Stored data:
▼

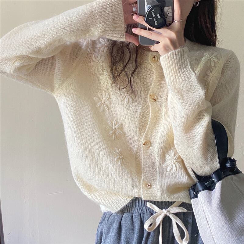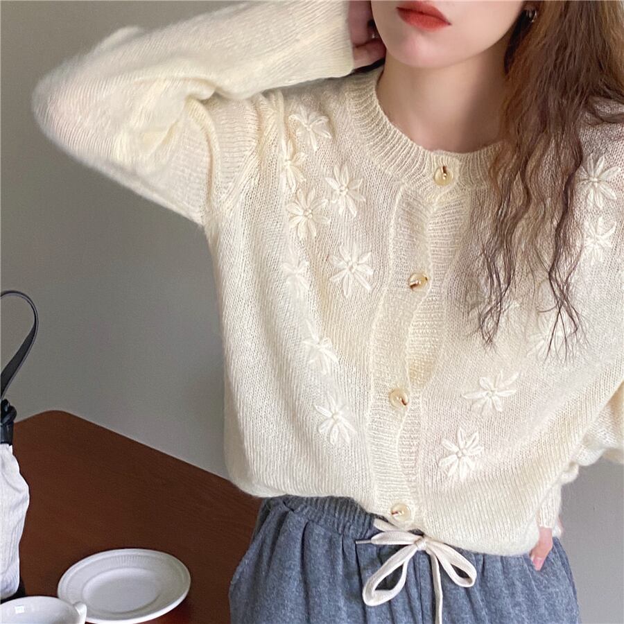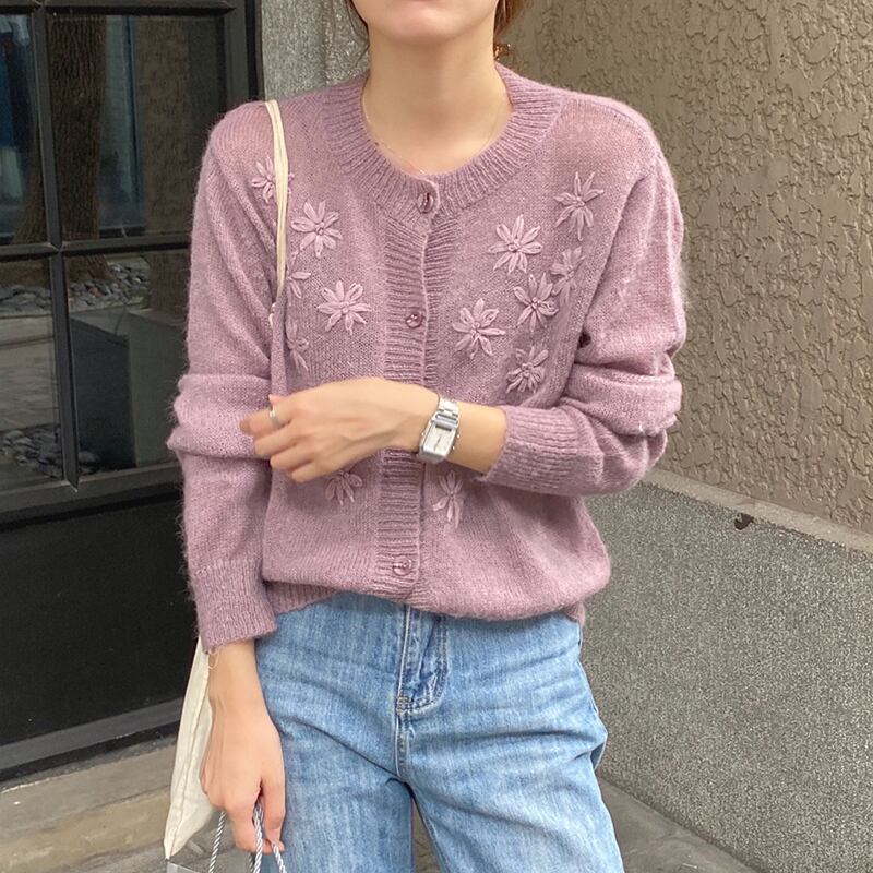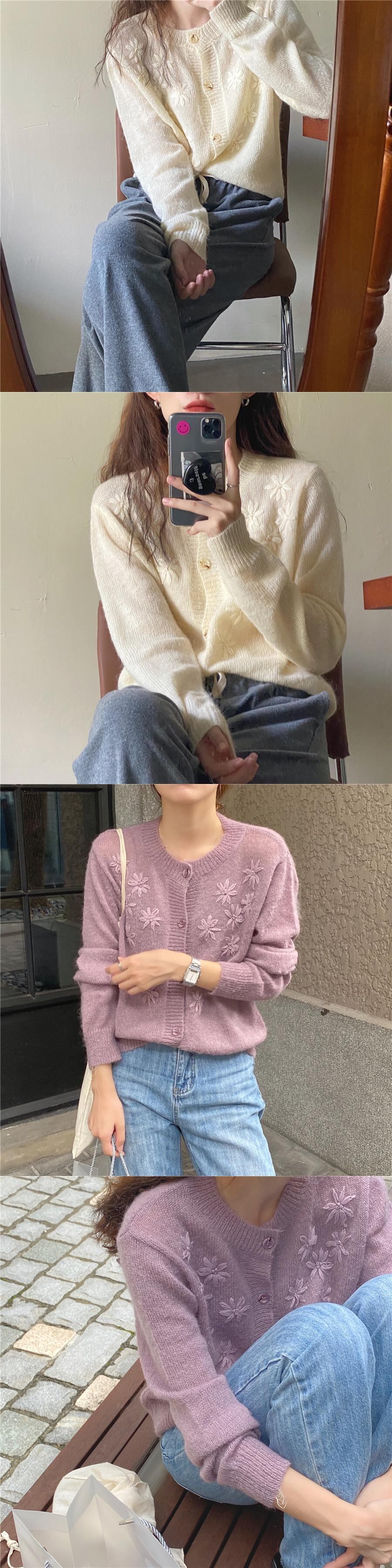 韓国ファッション秋物刺繍ニットカーディガンセーター ジャケット レディース ロング 大人ガーリー スウィート キュート カジュアル オータム フラワーデザイン 長袖 muzly26743410393 | Neatly
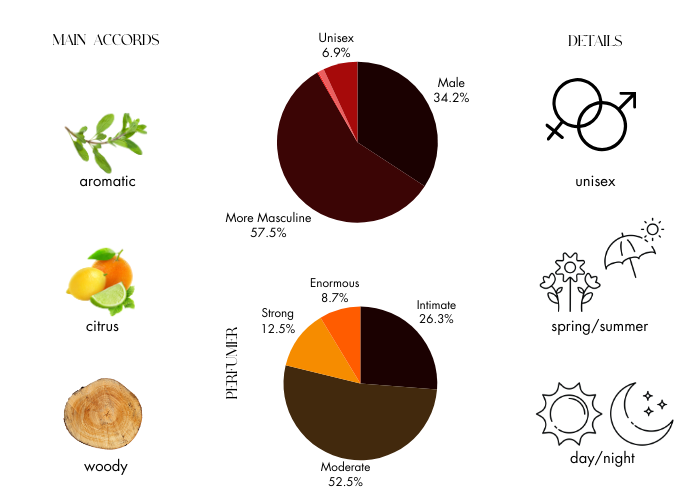 Fragrance notes are Grapefruit, Coriander, Basil, Cardamom, Lavandin, Geranium, Clary Sage, Vetiver, Patchouli, Labdanum, Tobacco.
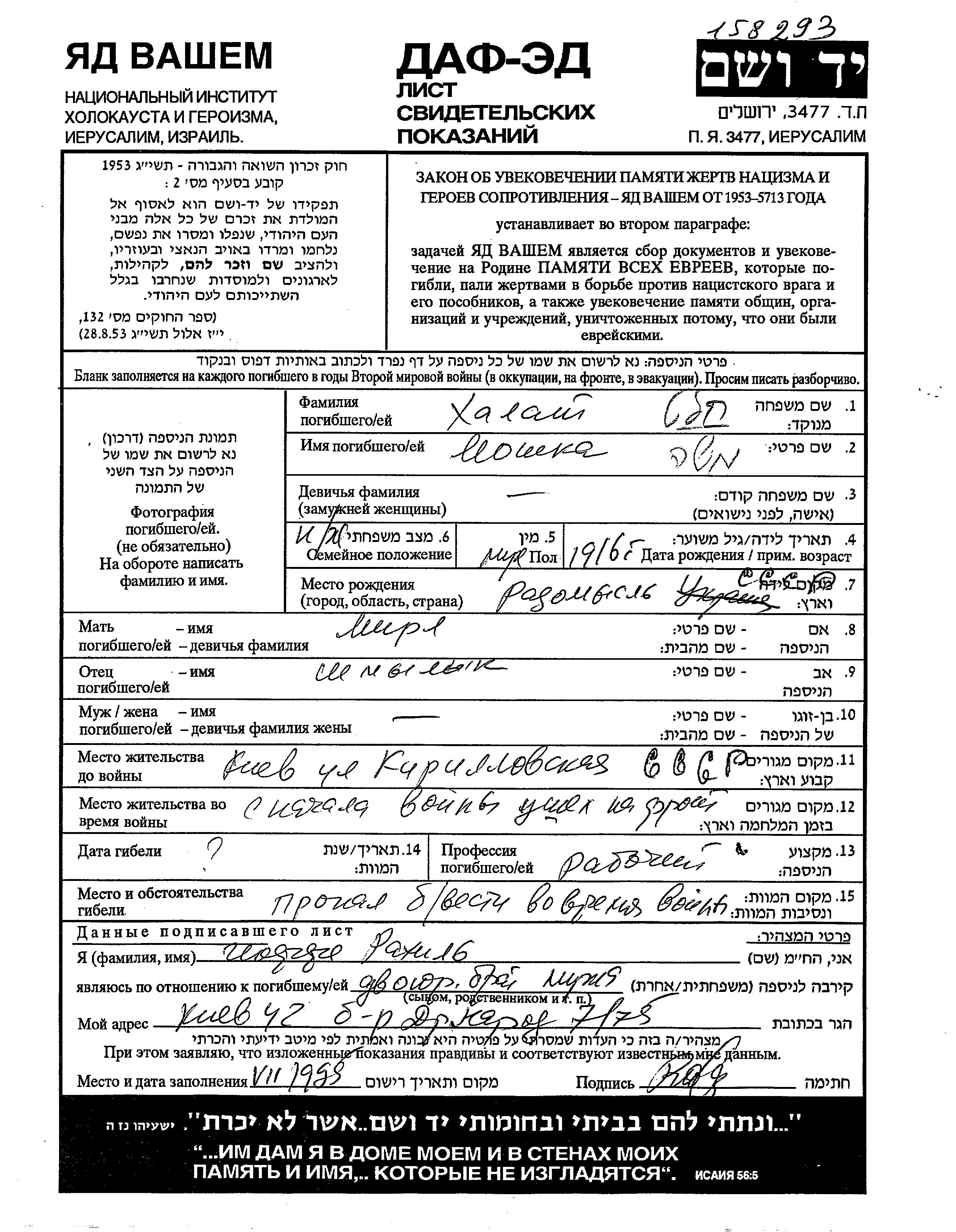 Яд Вашем - Листы свидетельских показаний Мемориального фонда
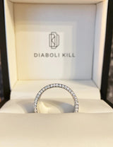 The Ignis Diamond Edge Accented Band by Angie Marei features an extra-wide 8mm band handcrafted in 18-karat rose gold and two rows pavé set brilliant-cut white diamonds along the top and bottom edges of the band. The gorgeous sparkling white diamonds create an eye-catching scintillating effect of flashing spectral-colored sparkles.
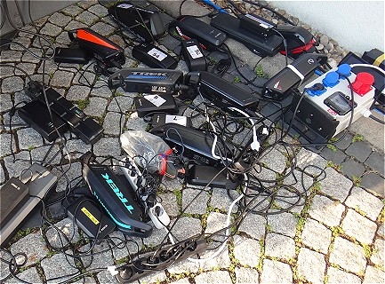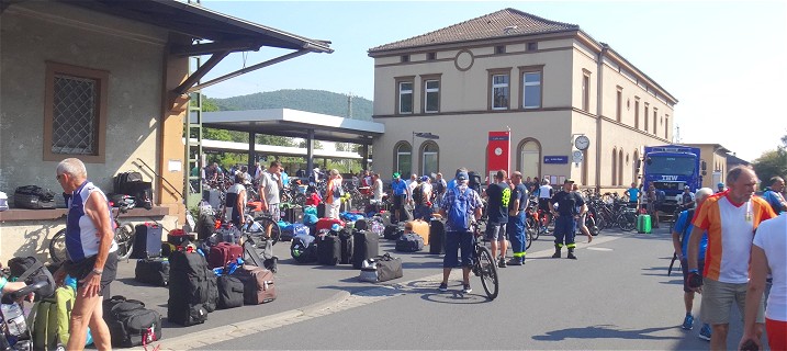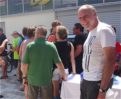 Für uns war die Sache nach ca. 30 Minuten erledigt, wir parkten unsere Räder strategisch, und hatten schon einen guten Eindruck vom Startgelände bekommen. Da kann morgen nicht mehr viel schief gehen! Dann mussten wir zurück nach München, denn der Nachmittag und Abend war der 60er-Fete unseres Bruders bzw. Freundes Michi in Ulm vorbehalten. Meine Tasche für die Radltour hab' ich erst in der Nacht auf Sonntag gepackt ... |
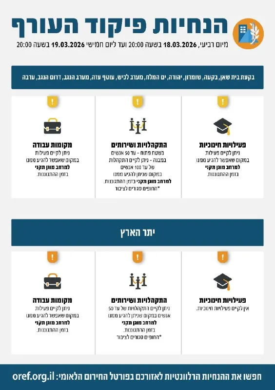 Following a situation assessment, the Home Front Command's defense policy remains unchanged and in effect from Wednesday, March 18, 2026, at 20:00 until Thursday,
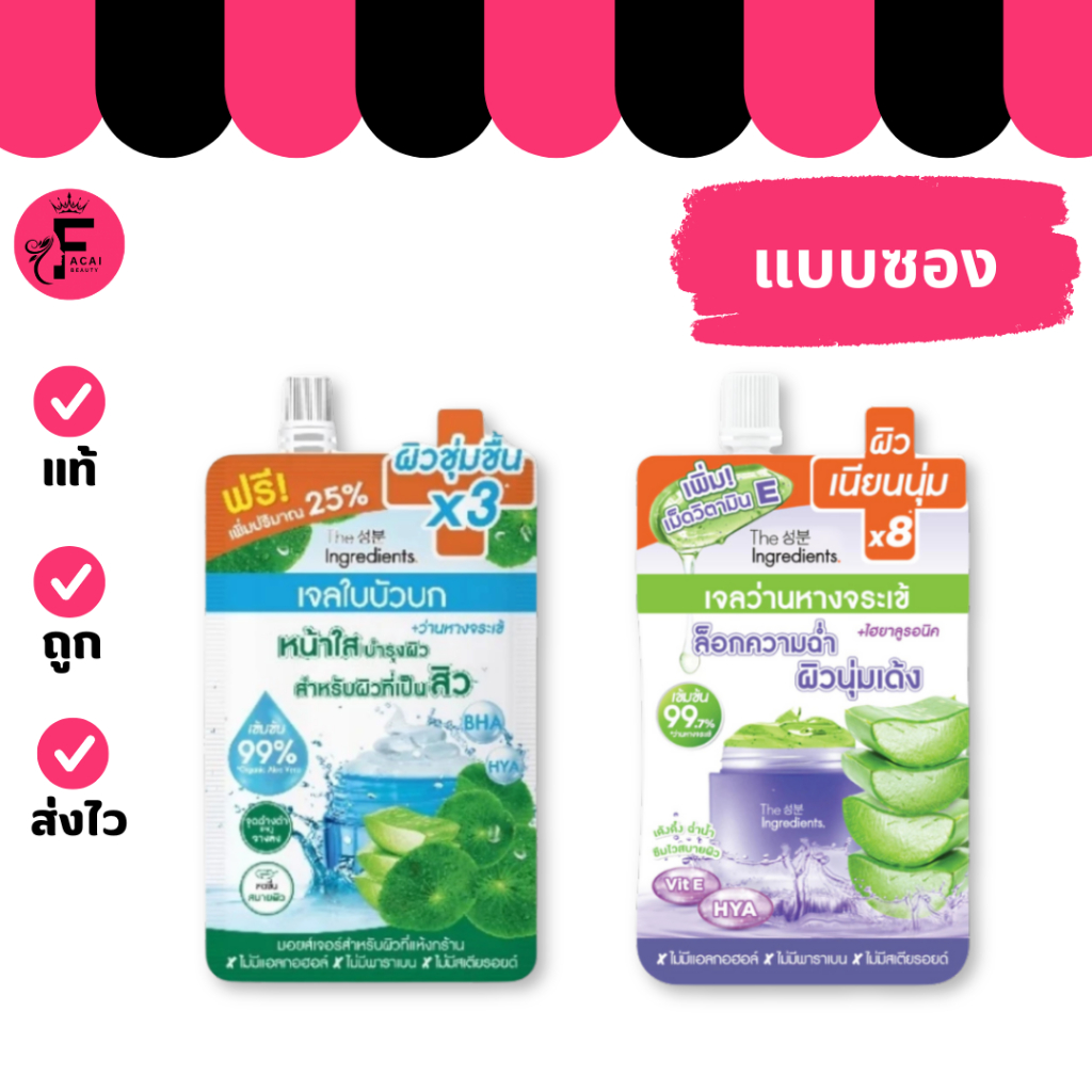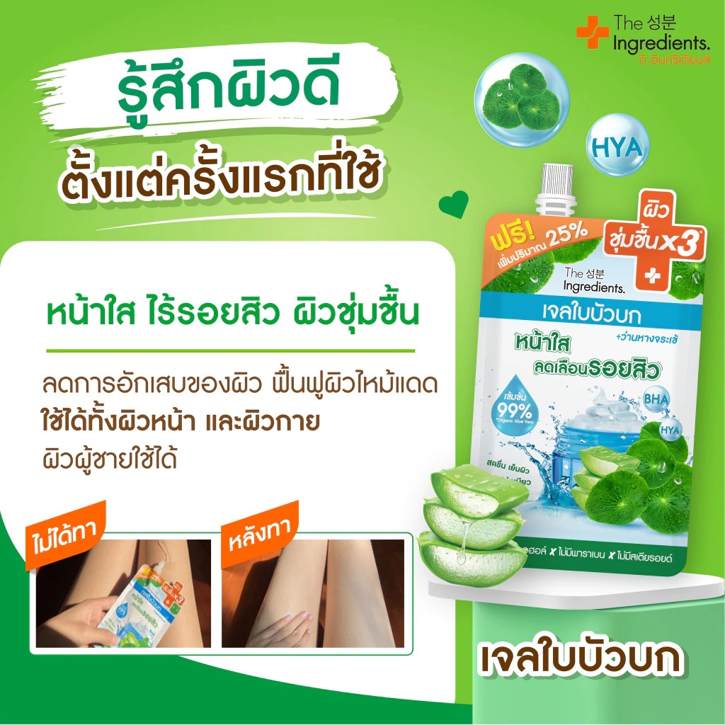(1 ซอง) The Ingredients สูตรหน้าใส เจลใบบัวบก /เจลว่านหางจระเข้เข้มข้น (ปริมาณ 40 กรัม/50 กรัม)
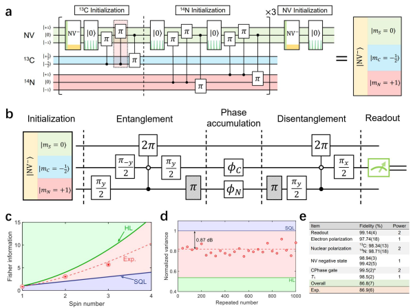 图2.a:电子自旋、核自旋和电荷态确定性联合初始化序列;b:进行纠缠干涉测量的量子线路图;c:量子费舍尔信息与量子比特数;d:对磁信号测量的涨落与重复次数的关系;e:双量子比特纠缠干涉中自旋态和电荷态初始化、自旋操控等各部分保真度
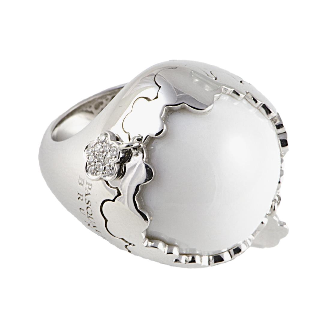 Anello Pasquale bruni in oro bianco a fiore namastè con diamanti 0,24 carati, misura 14

▲

## What the task asks
Could you repeat, exactly and with nothing else, the lines from the one containing "Following a situation" through the last line of the records above, leaving out the pictures?

## Result for this task
 Following a situation assessment, the Home Front Command's defense policy remains unchanged and in effect from Wednesday, March 18, 2026, at 20:00 until Thursday,
(1 ซอง) The Ingredients สูตรหน้าใส เจลใบบัวบก /เจลว่านหางจระเข้เข้มข้น (ปริมาณ 40 กรัม/50 กรัม)
 图2.a:电子自旋、核自旋和电荷态确定性联合初始化序列;b:进行纠缠干涉测量的量子线路图;c:量子费舍尔信息与量子比特数;d:对磁信号测量的涨落与重复次数的关系;e:双量子比特纠缠干涉中自旋态和电荷态初始化、自旋操控等各部分保真度
 Anello Pasquale bruni in oro bianco a fiore namastè con diamanti 0,24 carati, misura 14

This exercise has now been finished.